Is there a relation related to my rover shutting down, regarding my app displaying half battery charge, even though it’s full because I know I charged them all night?
Nowadays, my rover which was my base shows half battery, while my base which was my rover is almost full. I remember it was the same before swapping them over. Would this be a safety issue with the system and shutting my rover due to battery protection, or it’s the heat?
Thank you Tim for your suggestions as well. I can´t seem to have enough great advice from all of you, thank you for being here and creating this community.
See what Emlid says and if they can help. Maybe email them the serial numbers etc to support@emlid.com to get a head start.
IT MAY VERY WELL BE JUST THERMAL PROTECTION.
Batteries don’t last forever… just another reason I hope future model has hot-swappable battery(s).
I do not suggest doing this below until EVERY option is exhausted and absolute last resort with no other choice if you must. Good to know in case you need to though. Careful, must use PROPER 3.2 VOLTAGE, nothing higher or you fry it:
Please send us a Full System report from both the base and the rover and photos of your setup. If you can generate a report right after the shutdown and share the timestamp, it will also help us. We will look into it.
I just wanted to note that if you experience the same issue, feel free to write to us at support@emlid.com. We will look into it. We don’t recommend taking apart the Reach device, as it voids the IP67 and makes It more susceptible to dust and water damage. Also, changing internal parts of the unit can be tricky as it requires additional knowledge and may influence its accuracy.
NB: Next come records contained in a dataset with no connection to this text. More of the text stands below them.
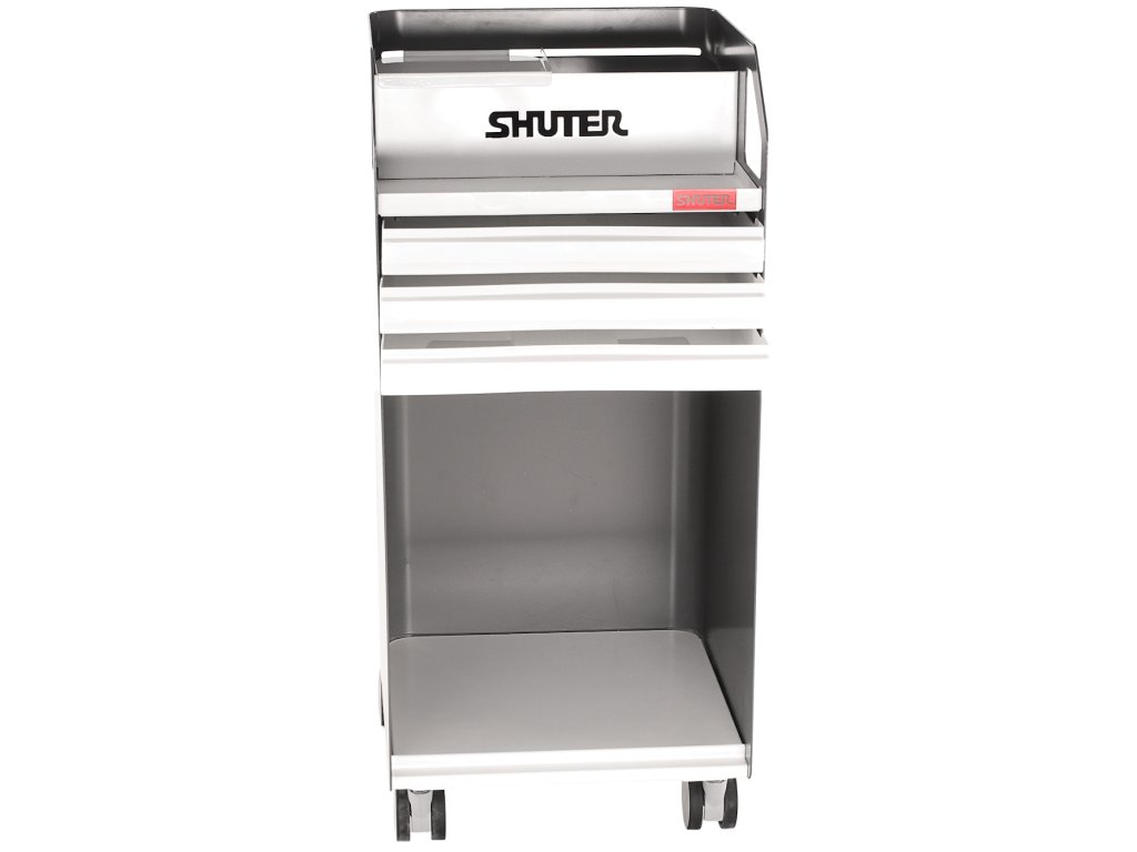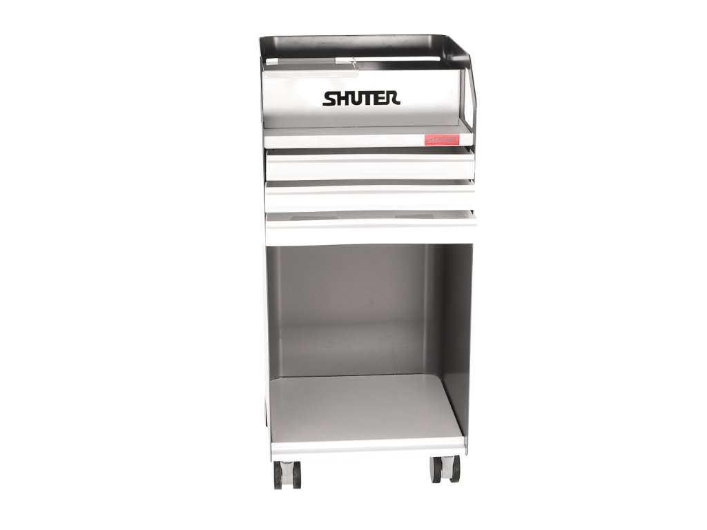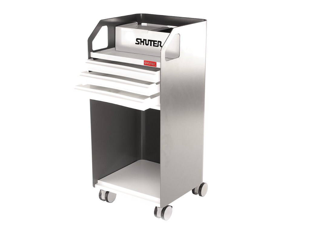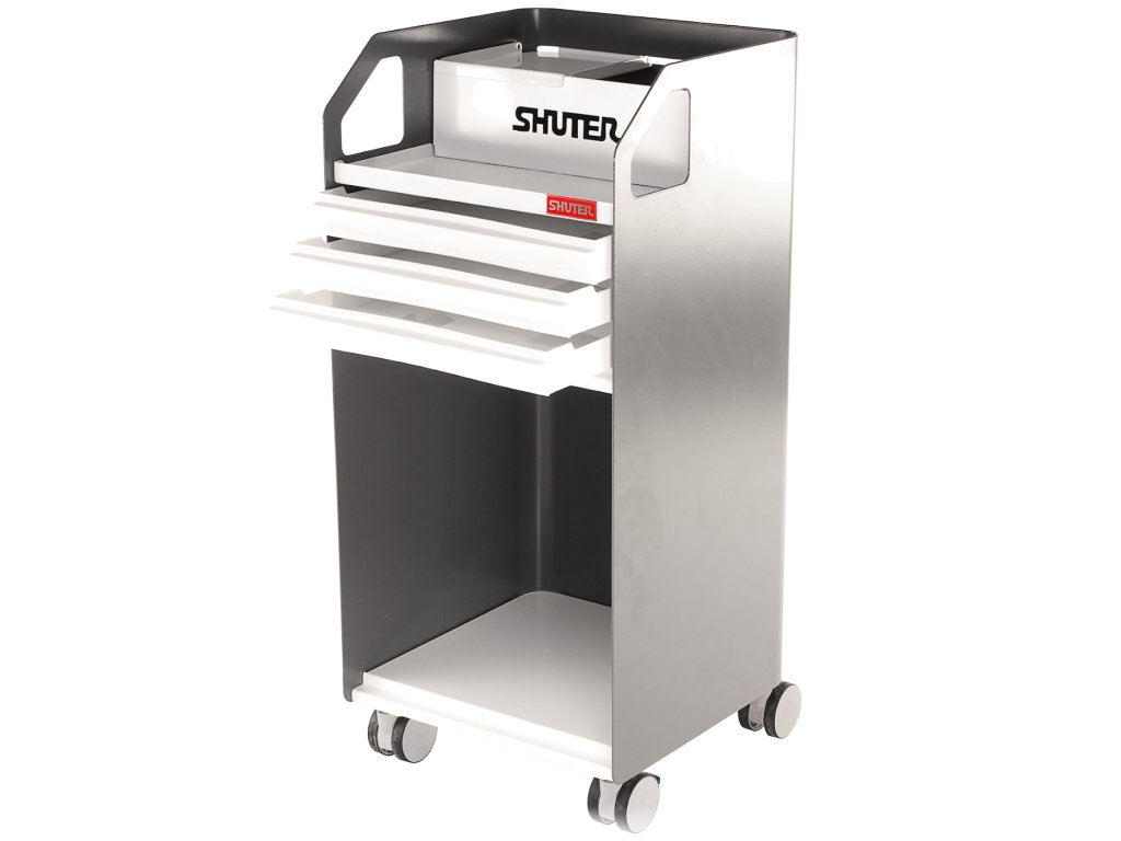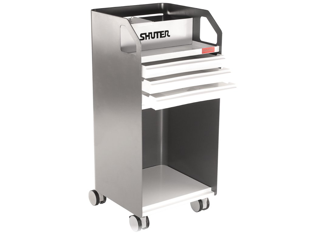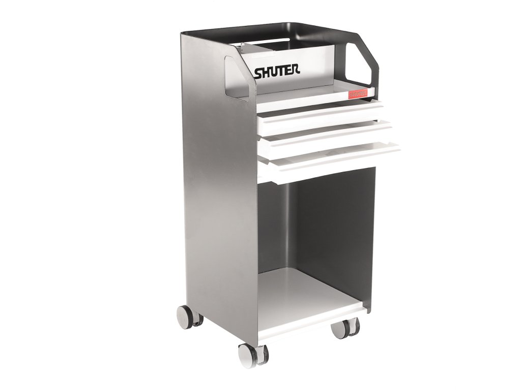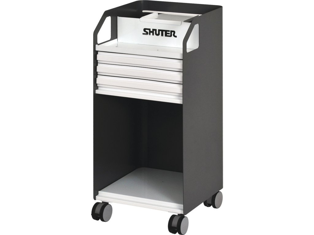Kovinski valjčni kontejner je opremljen s tremi predali dimenzij 315 ×225 ×30 mm in zgornjo skladiščno ploščo. Dimenzije (Š × D × V): 330 × 330 × 740 mm. Premer kolesa 60 mm. Podnožje je izdelano iz pocinkane jeklene pločevine, vtičnica je izdelana iz plastike IPS. Skupna nosilnost mize je 100 kg.
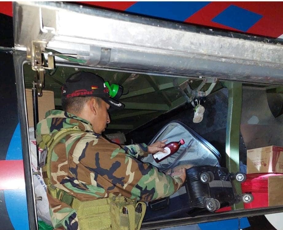 Cerca a las dos de madrugada efectivos policiales interceptaron un motorizado que se dirigía hacia el departamento de La Paz, donde se identificaron dos maletas que contenían envases de limpieza, energizantes, entre otros que en su interior contenían sustancias controladas.
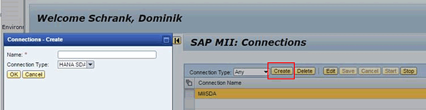 - Create an SAP MII connection to SAP HANA
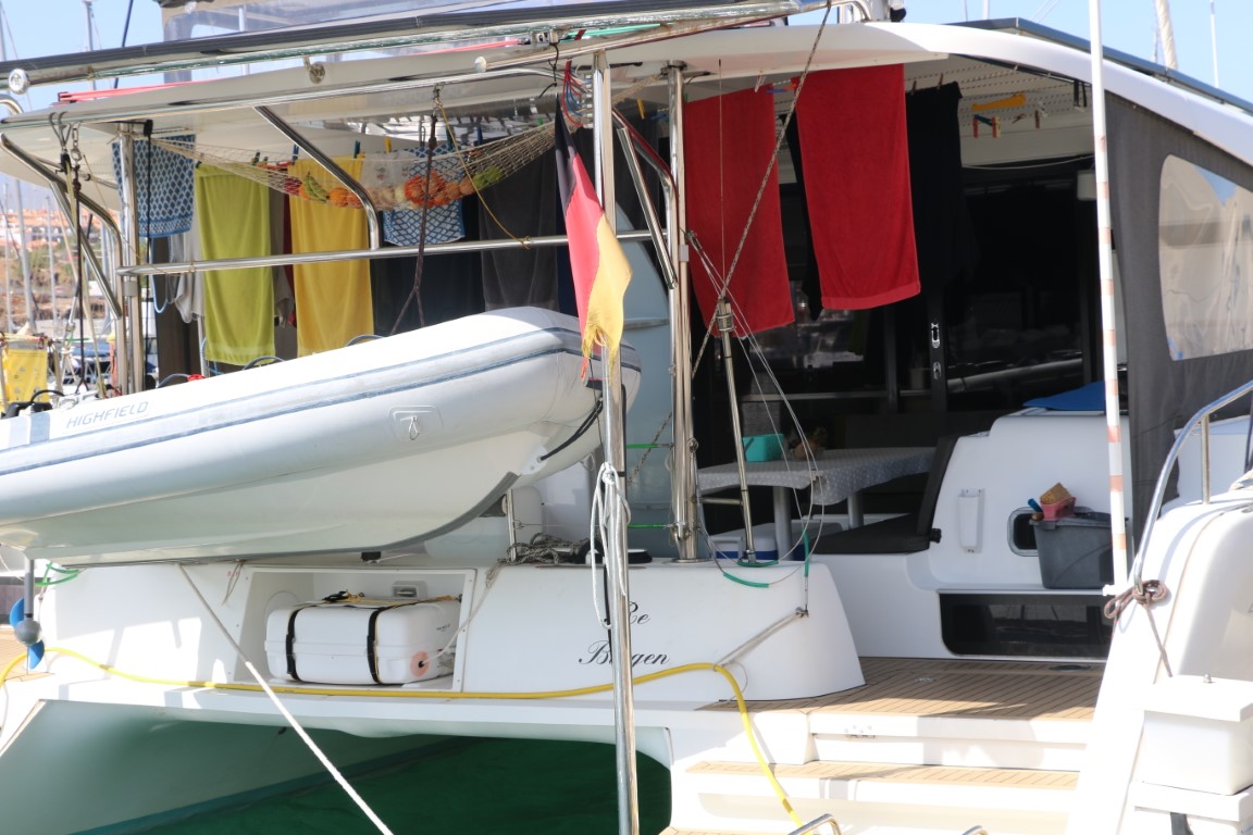 Beim Ankern haben wir uns ne Menge Staub gefangen, schon auf der Hinfahrt nach Gomera Salz dazu, das war eine schöne Schicht. Gestern bei der Abfahrt hatte ich die Seewasser-Waschanlage fertig gemacht. Ich hatte Befürchtungen, dass der Anker ne Menge Dreck mit hochbringt. Nun – dann habe ich schon mal viel Staub abgespritzt. Und heute nun alles mit Frischwasser. Die Fenster sogar geledert. Das Schlauchboot total gereinigt. Und auf der Terrasse merke ich dann an: Das nächste Mal im Hafen gibt es wieder eine Kärcher-Reinigung. Die dauert immer besonders lange. Denn wenn man nur ein Flecken an Oberdeck kärchert, dann sieht man das, was man bis eben noch als Weiß gesehen hat mit ganz anderen Augen…. Aber auf der Backskiste unter dem Steuerstand und im Eingang zum Salon sind Spuren, die mit bürsten nicht mehr abgehen….

I am writing to share an observation that I believe could improve your product’s performance, especially for users in hotter climates like mine in Africa. Many owners, including myself, have experienced overheating issues with the device.
While I appreciate the support team’s suggestion to use the device under shade due to high temperatures, I believe a more sustainable solution could be implemented. It would be beneficial for you to consider manufacturing and offering a heat sink as an accessory on your website. This would provide an effective way for users in high-temperature areas to enhance their device’s performance without compromising its operation.
Offering such upgrades is a common practice among many well-known companies, and it would certainly add value for those of us facing these challenges.
agree… but in those conditions it is going to be hotter than hell anyways, especially for a closed weather proof device with only a very small vent hole.
The heat sink along with thermal compound i would assume help more so than not. Especially since Emlid no longer sells the RS/RS+ units. GOtta do what ya gotta do sometimes. It isn’t 70 deg F San Diego weather everywhere.
The newer RS2/+/3 has built in thermal heat sink through the metal 5/8" thread mount.
Obviously an internal fan would drain battery power and also make it impossible to maintain IP67 specs etc.
Unfortunately if there’s no vent or internal fan a heatsink isn’t going to do anything after the first 15 minutes. It will just heat up like everything else and more than likely produce additional heat on other internal components. If only there were some kind of hat for a receiver…
Actually I have thought about white or reflective tape on the outside or a secondary shell offset from the main housing that would mitigate direct sunlight. It would help but I think it’s just the older tech that doesn’t stand a chance with how hot it gets now.